For a full description of the code, please see:
Associated Legendre Polynomials and Spherical Harmonics Computation for Chemistry Applications (2014). Taweetham Limpanuparb and Josh Milthorpe. arXiv: 1410.1748 [physics.chem-ph]
The normalized associated Legendre polynomials for an angle θ
for all l
in 0 <= l <= lmax
and all m
in -l <= m <= l
may be generated using the signature computePlm(θ; lmax)
, eg.
julia> P = computePlmcostheta(pi/2, lmax = 1)
3-element SHArray(::Vector{Float64}, (ML(0:1, 0:1),)):
0.3989422804014327
4.231083042742082e-17
-0.4886025119029199
The polynomials are ordered with m
increasing faster than l
, and the returned array may be indexed using (l,m)
Tuples as
julia> P[(0,0)]
0.3989422804014327
julia> P[(1,1)] == P[3]
true
Spherical harmonics for a colatitude θ
and azimuth ϕ
may be generated using the signature computeYlm(θ, ϕ; lmax)
, eg.
julia> Y = computeYlm(pi/3, 0, lmax = 1)
4-element SHArray(::Vector{Complex{Float64}}, (ML(0:1, -1:1),)):
0.2820947917738782 + 0.0im
0.2992067103010745 - 0.0im
0.24430125595146002 + 0.0im
-0.2992067103010745 - 0.0im
The returned array may be indexed using (l,m)
Tuples as well, as
julia> Y[(1,-1)]
0.2992067103010745 - 0.0im
julia> Y[(1,-1)] == Y[2]
true
Special angles SphericalHarmonics.NorthPole()

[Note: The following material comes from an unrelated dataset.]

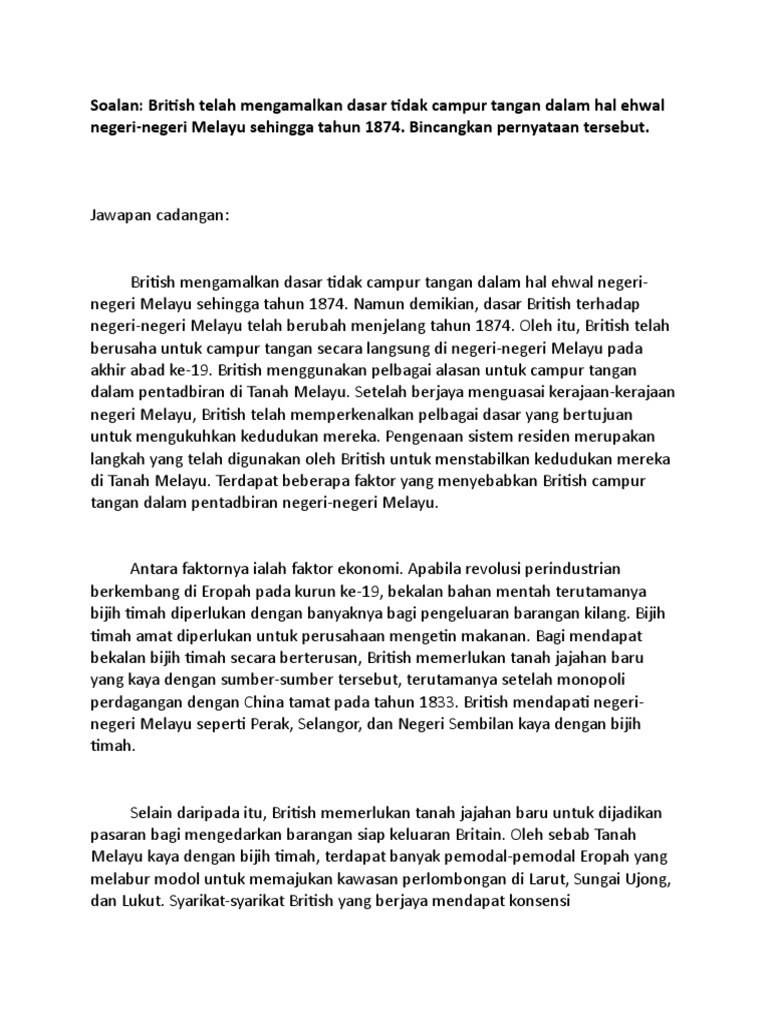 Campur Tangan British Di Negeri Selangor Adalah Disebabkan Oleh Perang Saudara Course Hero from www.coursehero.com Terdapat pelbagai faktor yang menyebabkan british campur tangan dalam sistem pentadbiran kesultanan di tanah melayu. Perkembangan semangat nasionalisme dan kebangsaan dalam penentangan penjajahan british, bangsa melayu lebih bersepadu tidak bergaduh atau berkonflik kerana hidup secara terasing dengan buruh. Sedangkan pesan adalah istilah menyampaikan permintaan, amanat, saran kritik, kepada sekolah. 2.0pentadbiran tradisional melayu dan kesan campurtangan british dalam pemerintahan di tanah melayu hal ini jelas menunjukkan pihak british telah campur tangan dalam bidang adat istiadat melayu. Konflik dalam kutipan buku tersebut adalah …. Disamping itu masalah kongsi gelap cina antara puak hai san dan ghee hin turut menyumbang ke arah perubahan dasar campur tangan. Campur tangan british di tanah melayu juga disebabkan oleh faktor politik. Tugasan berkumpulan mpu pengajian malaysia video dokumentasi oleh misha, anura dan ian.

and SphericalHarmonics.SouthPole()
may be passed as θ
to use efficient algorithms.
Arguments of BigInt
and BigFloat
types would increase the precision of the result.
julia> Y = computeYlm(big(pi)/2, big(0), lmax = 1) # Arbitrary precision
4-element SHArray(::Vector{Complex{BigFloat}}, (ML(0:1, -1:1),)):
0.2820947917738781434740397257803862929220253146644994284220428608553212342207478 + 0.0im
0.3454941494713354792652446460318896831393773703262433134867073548945156550201567 - 0.0im
2.679783085063171668225419916118067917387251852939708540164955895366691604430101e-78 + 0.0im
-0.3454941494713354792652446460318896831393773703262433134867073548945156550201567 - 0.0im
For real functions it might be sufficient to compute only the functions for m >= 0
. These may be computed by passing the flag m_range = SphericalHarmonics.ZeroTo
.
julia> computeYlm(pi/3, 0, lmax = 1, m_range = SphericalHarmonics.ZeroTo)
3-element SHArray(::Vector{Complex{Float64}}, (ML(0:1, 0:1),)):
0.2820947917738782 + 0.0im
0.24430125595146002 + 0.0im
-0.2992067103010745 - 0.0im
It's also possible to compute real spherical harmonics by passing the flag SHType = SphericalHarmonics.RealHarmonics()
, eg.
julia> Y = computeYlm(pi/3, pi/3, lmax = 1, SHType = SphericalHarmonics.RealHarmonics())
4-element SHArray(::Vector{Float64}, (ML(0:1, -1:1),)):
0.2820947917738782
-0.3664518839271899
0.24430125595146002
-0.21157109383040865
These are faster to evaluate and require less memory to store.
FastTransforms.jl: The function FastTransforms.sphevaluate
is faster at evaluating real spherical harmonics for a single mode.
julia> @btime FastTransforms.sphevaluate($(big(pi)/3), $(big(pi)/3), 100, 100)
153.142 μs (1336 allocations: 72.64 KiB)
-3.801739606943941485088961175328961189010502022112528054751517912248264631529766e-07
julia> @btime SphericalHarmonics.sphericalharmonic($(big(pi)/3), $(big(pi)/3), 100, 100, SphericalHarmonics.RealHarmonics())
165.932 μs (1439 allocations: 78.01 KiB)
-3.801739606943941485088961175328961189010502022112528054751517912248264631529107e-07
This difference might reduce in the future.